WORK REQUIRED
Give the lines again exactly as they appear, from the first line of the listing through the line containing "Si vas a probar", and omit every picture.

SUPPLIED INFORMATION
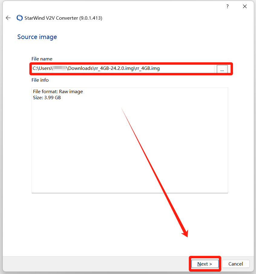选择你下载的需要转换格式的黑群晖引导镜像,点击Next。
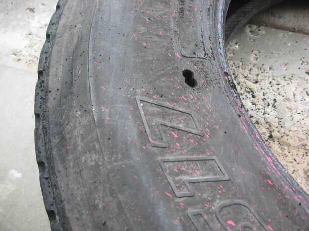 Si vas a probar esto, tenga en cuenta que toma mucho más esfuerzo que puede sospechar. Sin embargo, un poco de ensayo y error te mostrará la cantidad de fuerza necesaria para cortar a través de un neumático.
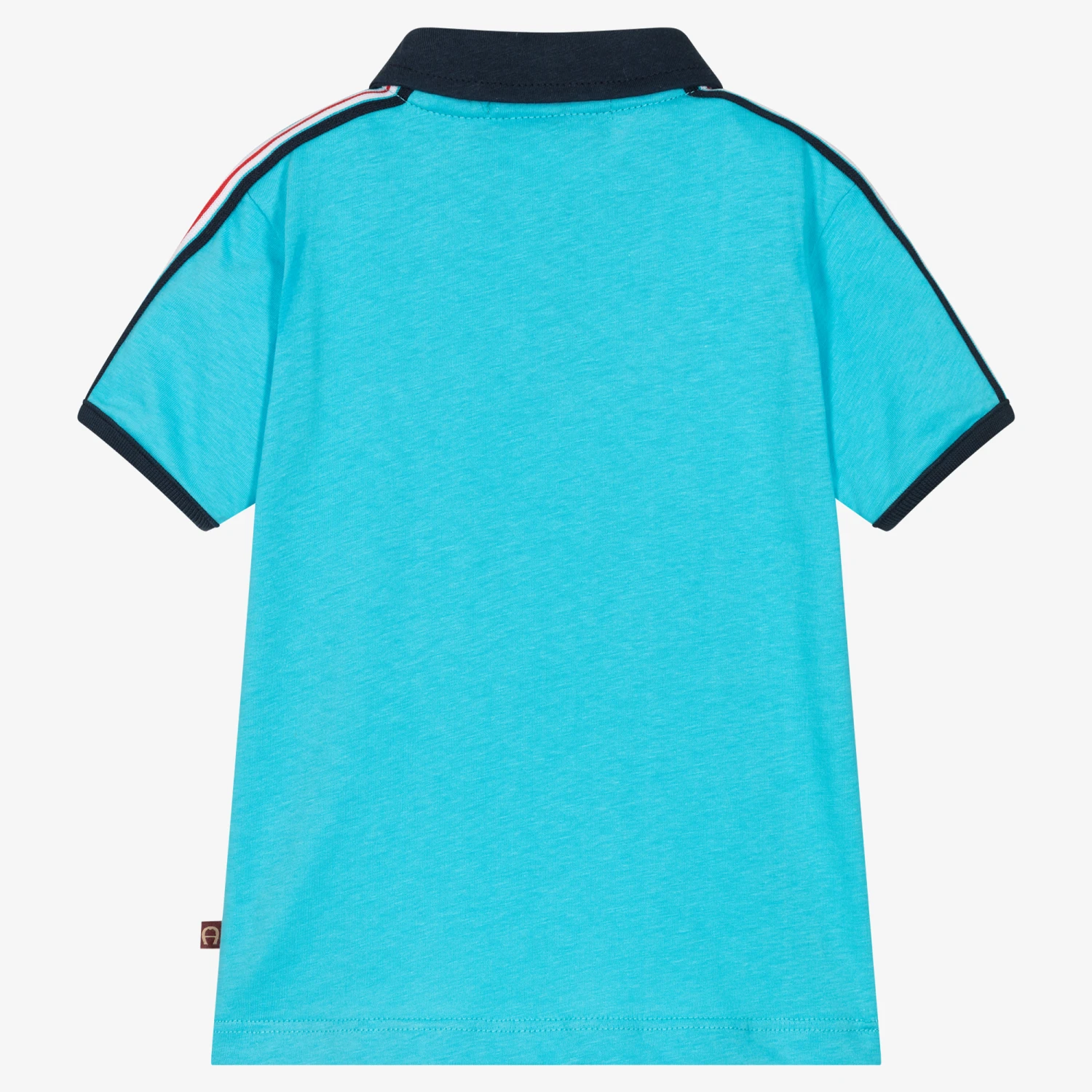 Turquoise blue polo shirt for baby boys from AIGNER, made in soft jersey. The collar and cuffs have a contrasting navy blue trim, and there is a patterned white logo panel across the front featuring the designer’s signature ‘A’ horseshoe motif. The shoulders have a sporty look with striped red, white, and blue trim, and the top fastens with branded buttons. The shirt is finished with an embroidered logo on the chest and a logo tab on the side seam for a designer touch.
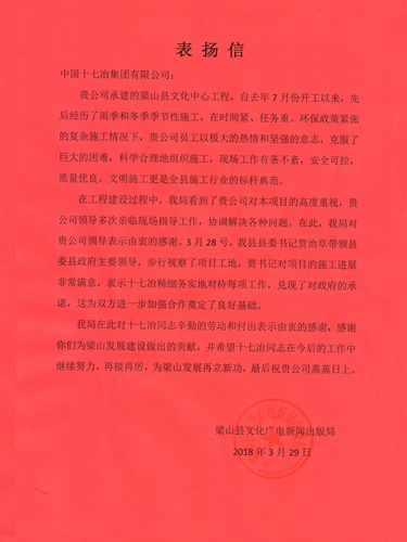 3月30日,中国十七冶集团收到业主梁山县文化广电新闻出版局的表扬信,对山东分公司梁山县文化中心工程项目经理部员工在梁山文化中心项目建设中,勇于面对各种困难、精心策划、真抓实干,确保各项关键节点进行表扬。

WRITTEN RESPONSE
选择你下载的需要转换格式的黑群晖引导镜像,点击Next。
 Si vas a probar esto, tenga en cuenta que toma mucho más esfuerzo que puede sospechar. Sin embargo, un poco de ensayo y error te mostrará la cantidad de fuerza necesaria para cortar a través de un neumático.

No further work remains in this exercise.